Just about everyone has heard about the Slender Man case. In 2014, two 12-year old girls lured a classmate into a secluded wooded area near their Wisconsin homes, where they stabbed her 19 times and left her for dead. The attempted murder was clearly premeditated and, as the case unfolded, appeared to be triggered by a shared delusion that sacrificing their classmate was necessary to please Slender Man, a fictional supernatural character and internet legend who reportedly abducted and murdered children. Killing a classmate, these two girls came to believe, would serve two purposes; it would protect their families from Slender Man and allow them to become his servants.
Understandably, when this case broke, there was questions about the role of social media in adversely influencing the minds of budding teens. Did these two social misfits gradually substitute their bland and mundane reality for the vivid fantasy of the virtual world? Was there a point in which their engagement in social media was so excessive that it overshadowed their ability to put what they were seeing into perspective?
Subsequent psychological evaluations suggested the answer was much more complicated. Forensic evaluators found both girls were mentally ill; one of the girls, Morgan Geyser, was diagnosed with schizophrenia shortly after her arrest. The other, Anissa Weir, had apparently developed a shared delusional disorder in which she took on the psychotic symptoms of her friend; her mental health symptoms significantly approved after the two were separated.

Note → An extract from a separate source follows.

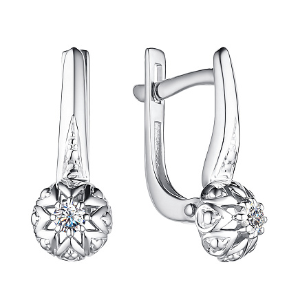 Серьги с английским замком из белого золота с бриллиантами

In fact, two facts quickly became apparent. First, the girls developed a disorder that appeared long before the internet. Shared delusional disorder is a rare disorder that tends to occur between two people where the dominant person has a serious mental illness, the other one is passive, and the two have extremely close emotional bonds but otherwise are socially isolated.

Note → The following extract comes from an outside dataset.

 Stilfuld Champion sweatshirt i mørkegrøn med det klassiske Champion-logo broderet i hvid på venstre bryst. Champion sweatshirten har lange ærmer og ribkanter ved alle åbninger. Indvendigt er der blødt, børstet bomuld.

Second, Anissa and Morgan were not like most other kids under the age of 14 who kill.
How Common Are Young Murderers?
It is rare for a child under the age of 14 to kill someone; approximately 74 children a year do so in the United States. This is less than 1% of all homicide perpetrators. The vast majority (90%) are boys between the ages of 11 and 14 and, about 75% of the time, they kill someone older. Guns are most often the weapon of choice—60% of the time.

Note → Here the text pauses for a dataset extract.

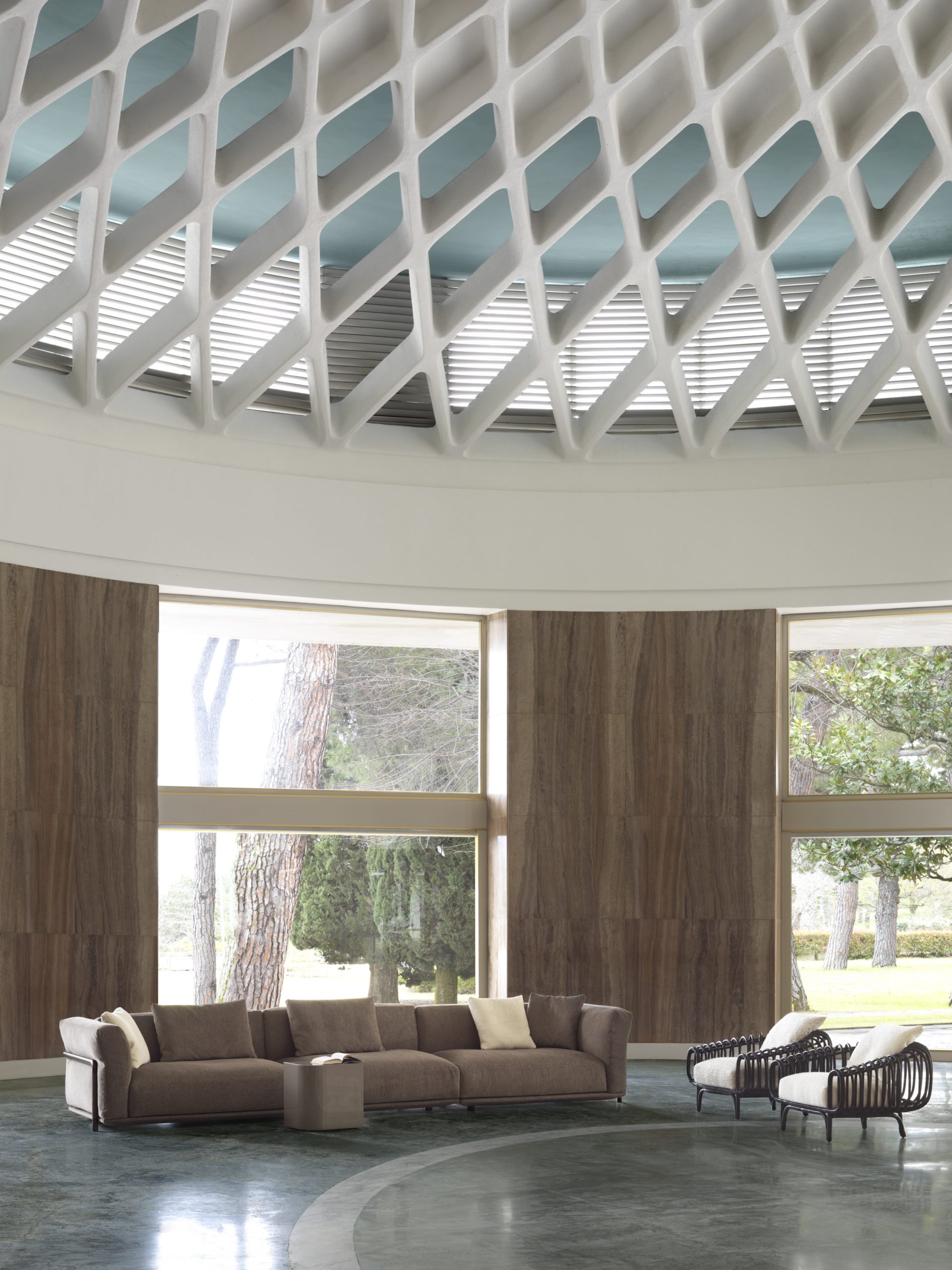 Zachte volumes voor een eclectische atmosfeer: dat kan alleen door Italianen zijn bedacht als omschrijving en dit is ook het geval. Een omgeving waar intimiteit en sociaal gedrag harmonieus worden gecombineerd door deze serie meubelen, aldus Frigerio. Naast opgevulde elementen, textiel, leer, metaal en hout- typische materialen waar dit merk mee zegt te werken- zijn riet en rattan toegevoegd ( ook materialen met een Italiaanse maaktraditie).

When researchers looked at 146 murders by kids under 14 between 2005 and 2012, most child murder cases fell into one of five categories:
These statistics highlight many unique aspects of the Slender Man case. The fact that this attack was carried out by two girls is exceedingly rare, as was their chosen victim. Also, contrary to the Slender Man case, most murders by young children aren’t planned; instead, they are born out of anger, frustration, or interpersonal conflict. What child murders do illustrate, however, is how important, and difficult, it is for adults to differentiate between an acceptable level of responsibility and too much, between normal fantasy and unhealthy obsession, and between healthy peer relationships versus destructive ones.
The Bottom Line
When a child kills, everyone suffers. The often-beloved victim is lost and the perpetrator may spend his or her entire life in prison. This double tragedy provides us with strong motivation to do what we can to prevent these murders from occurring. Recent child homicide perpetrator statistics suggests there are things we can do to decrease the odds; for example, by thinking twice before making a child under the age of 15 a regular caretaker of a sibling under the age of two and restricting our children’s access to firearms. Young teenagers often don’t have as much ability to control their actions in the heat of the moment; what might be a fistfight can wind up a fatality if s/he can grab a gun.
It takes a resourceful village to raise a well-adjusted child and some communities are struggling just to survive. It also takes a healthy mind to resist unhealthy influences. As parents, we won’t always know what our child is thinking and feeling. But we can take our child’s mental health just as seriously as his/her physical health, pay attention to sudden changes in our child’s behavior, stay up to date on the normal range of teen behavior, and use teachers and pediatricians as sounding boards and secondary sources of information. And, of course, keep our fingers crossed.